Des études épidémiologiques montrent que les descendants de parents souffrant de troubles affectifs ont un risque accru de développer eux-mêmes un trouble affectif ou un trouble anxieux [15]. Chez ces enfants et adolescents, des niveaux élevés de cortisol indiquent de légères perturbations de l’axe HPA, qui peuvent augmenter la vulnérabilité aux troubles bipolaires [16].
Chez les patients atteints de troubles bipolaires, on observe des taux élevés d’IL-6 et de TNF-α aux stades précoces de la maladie et pendant les épisodes dépressifs et maniaques [17, 18]. Il est même possible que le système immunitaire soit activé avant que la maladie ne se déclare.

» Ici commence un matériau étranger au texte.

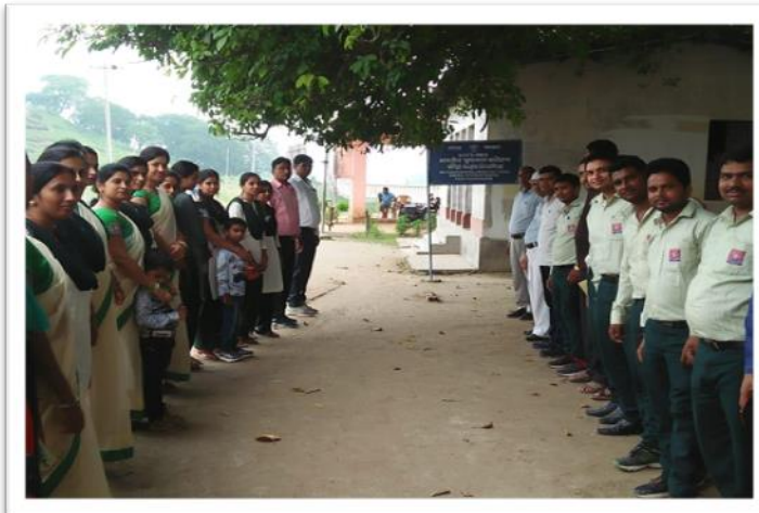
Educational tours often include visits to industry-specific sites

Independence and Responsibility: Being away from home in a new environment teaches students to be independent and responsible. They learn to manage their time, belongings, and

On ne sait pas encore si ces anomalies immunologiques coïncident avec les troubles de l’axe HPA chez les personnes à risque. “En résumé, les facteurs génétiques et environnementaux (stress psychologique) contribuent à une vulnérabilité neuroendocrinienne et immunologique qui augmente le risque de troubles bipolaires, mais aussi de maladies inflammatoires”, a déclaré le professeur Aubry [18].

Nouvelles substances pour la sclérose en plaques

La sclérose en plaques (SEP) est l’un des thèmes incontournables de tout événement axé sur la neurologie, y compris à Montreux. Ces dernières années, les recherches intensives dans ce domaine ont notamment permis de mettre à disposition de nouvelles options thérapeutiques. Les essais cliniques de deux autres médicaments, le tériflunomide et l’alemtuzumab, sont déjà bien avancés. Le tériflunomide, disponible sous forme orale, est un métabolite actif du léflunomide [19]. Le léflunomide a montré un effet anti-inflammatoire dans plusieurs modèles animaux de maladies auto-immunes, y compris l’encéphalomyélite auto-immune expérimentale (EAE). Le tériflunomide provoque une inhibition de la dihydroorotate déshydrogénase (DHODH), une enzyme importante dans la néosynthèse de la pyrimidine. Il réduit ainsi l’expansion clonale des lymphocytes activés et l’activité inflammatoire dans la SEP.

TEMSO et TOWER

L’étude de phase III TEMSO a comparé deux doses différentes de tériflunomide (7 ou 14 mg) à un placebo chez 1 088 patients atteints de SEP rémittente (RRMS) [20]. Il en ressort une réduction du taux de poussée de 31,2 et 31,5% (p<0,001) et une réduction significative du risque de progression du handicap de 29,8% pour la dose de 14 mg (p=0,03). Les effets secondaires les plus fréquents ont été la diarrhée et les nausées, un amincissement temporaire des cheveux et une légère augmentation des tests hépatiques. Toutefois, les effets secondaires n’ont que rarement entraîné l’arrêt du traitement. La phase d’extension en aveugle de la dose de TEMSO, portant sur 68% de la population initiale de l’étude, a montré un effet persistant du traitement par tériflunomide sur les critères cliniques et d’IRM sur une période de cinq ans après la randomisation initiale [21].

TOWER a également comparé deux doses de tériflunomide en monothérapie à un placebo [22]. La dose de 14 mg a réduit le taux annuel de poussées (ARR) versus placebo de 36,6% (p<0,001) et la progression du handicap confirmée pendant au moins 12 semaines de 31,5% (p=0,044).

Destruction sélective des cellules B et T

L’alemtuzumab, anticorps monoclonal sélectif anti-CD52, entraîne une destruction sélective des lymphocytes T et B via une cytotoxicité dépendante des anticorps et une lyse cellulaire médiée par le complément [23]. Dans les deux études CARE-MS I et II, l’alemtuzumab s’est révélé supérieur à l’interféron bêta-1a s.c. [24, 25]. Le traitement a entraîné une réduction de l’activité clinique de la maladie (réduction du risque de poussée de 54,9% dans CARE-MS I et de 49,4% dans CARE-MS II), mais a également entraîné un taux considérable de maladies auto-immunes secondaires (16-19% de thyroïdite auto-immune, 1% de thrombocytopénie immunitaire). Dans la plupart des cas, les maladies de la thyroïde pouvaient être traitées par une médication orale conventionnelle. La thrombocytopénie immunitaire a également répondu rapidement et durablement à un traitement de première ligne.